I've been playing a few days with the Kindle DX, the new larger Kindle from Amazon especially designed for students and newspaper readers. No, I didn't buy one. I'm one of three faculty with a grant that purchased some to study whether the gizmos have a chance to help newspapers.

I like the thing.

I've been reading the Atlanta Journal-Constitution, which is nice since the AJC quit distributing it's dead-tree version to the Athens market a few months ago.

We'll be handing the tablets to people with a subscription to the AJC to study how appealing real people find this way of reading the news. In fact I emailed three major players at the AJC to see if they'd like to participate -- given we're studying their newspaper and they might find the results kinda important -- and I didn't get a single response. Not even a "no thanks." And they wonder why they're struggling. Sheesh.

Now that I've nailed the navigation, I really kinda like it for reading the newspaper. Not as much as I like printed paper, but it's okay. Bad side: only one update a day. Good side: I really don't want to look at my Kindle all day long. And I've yet to read a book on one, so I can't say much about that experience.

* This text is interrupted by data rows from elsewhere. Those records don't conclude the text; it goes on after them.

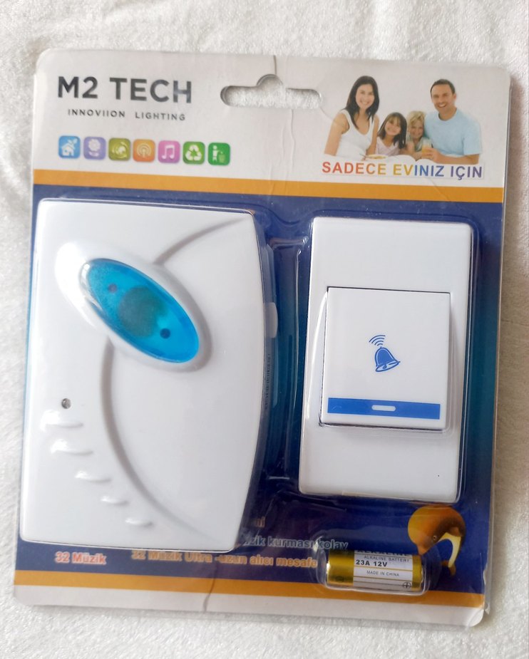 M2 Tech kablosuz kapı zili seti, beyaz alıcı ve mavi zil simgeli beyaz düğme içerir. 12V 23A pil ile çalışır, sadece ev kullanımı için uygundur.
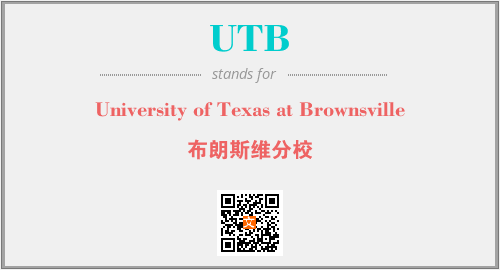 英文缩略词“UTB”经常作为“University of Texas at Brownsville”的英文缩写来使用,中文表示:“布朗斯维分校”。本文将详细介绍英文缩写词UTB所代表英文单词,其对应的中文拼音、详细解释以及在英语中的流行度。此外,还有关于缩略词UTB的分类、应用领域及相关应用示例等。
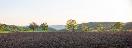 Beautiful rural landscape with trees and fields in golden sunlight at sunset, Eifel, Germany
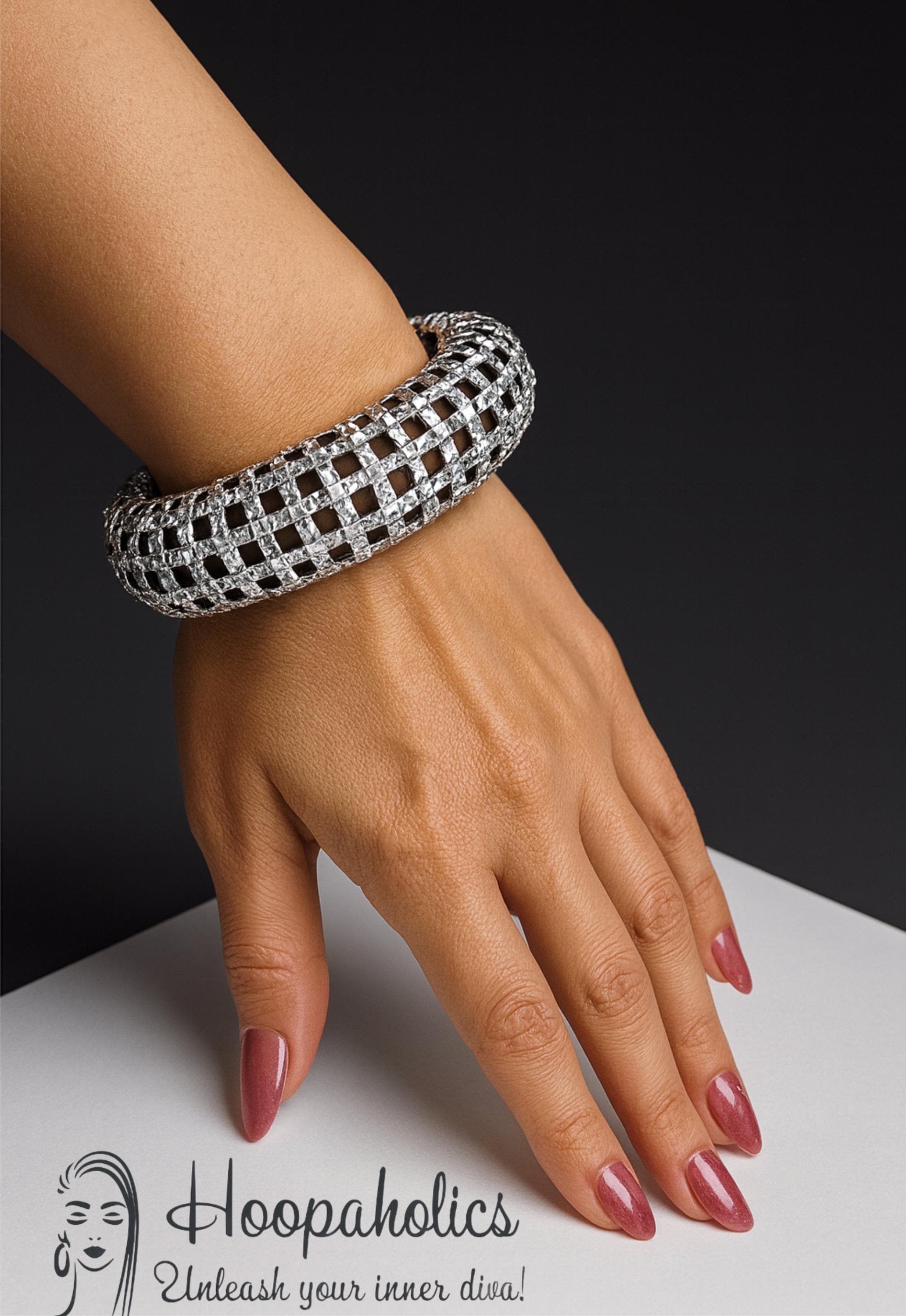 Featuring a beautifully detailed lattice-style design this wide statement cuff is both bold and elegant. The easy-open hinge makes it simple to slip on and off, offering comfort while still giving that luxurious, high-impact look.
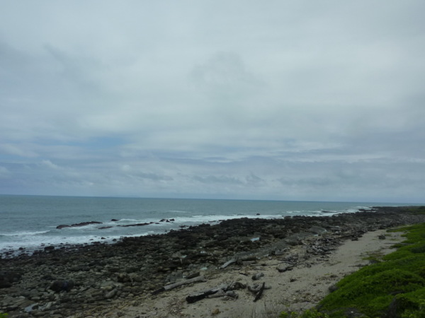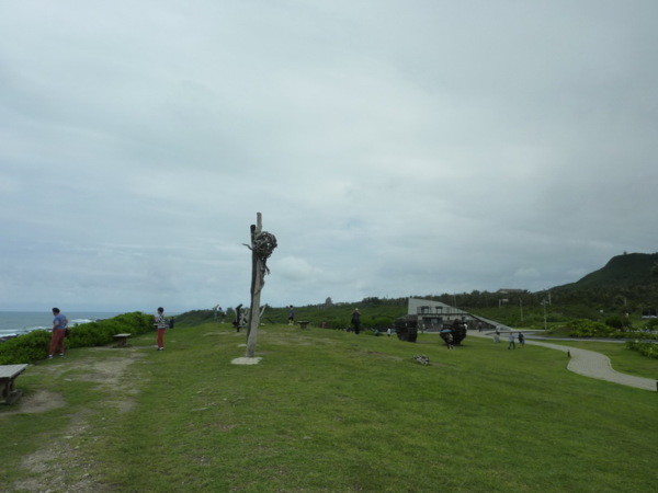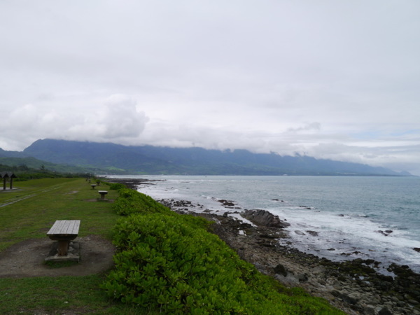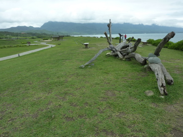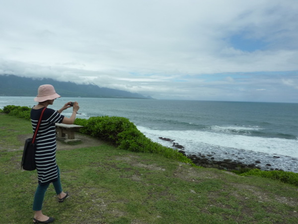 隔了半天,我們還是停下來了,這個以寬闊的都蘭灣為背景的遊憩區,讓老媽難得地主動拿出相機拍照,雨絲停了,天空還短暫地破出藍天,甚至連綠島也隱約可見,更方便我們欣賞海景及抓取畫面。

Will the Kindle save newspapers? I'm guessing not, but for a small, select audience -- one that loves reading and perhaps travels and needs to take one slim piece of hardware rather than lug a bunch of paperbacks -- this has promise of at least helping, of creating a small revenue stream. The bad news for papers is Amazon often asks for 70 percent or more of the small subscription fee.

How does this fit with what people know? Obviously, any increase in news consumption is good, and for me the Kindle has made available a lot of state news I missed, mainly because I'm not so much a fan of reading a web site for news beyond a check for updates. No, the Kindle is for people who immerse themselves in the reading experience, which leads to far more knowledge about public affairs than mere exposure to television. But for the Kindle to succeed people will need to see that it is good not just for news (which won't be enough of a draw) but also for other stuff, like books and magazines and whatever else they can squeeze into the thing.

But yeah, I kinda like it. Then again, I didn't have to spent over $400 to play with it.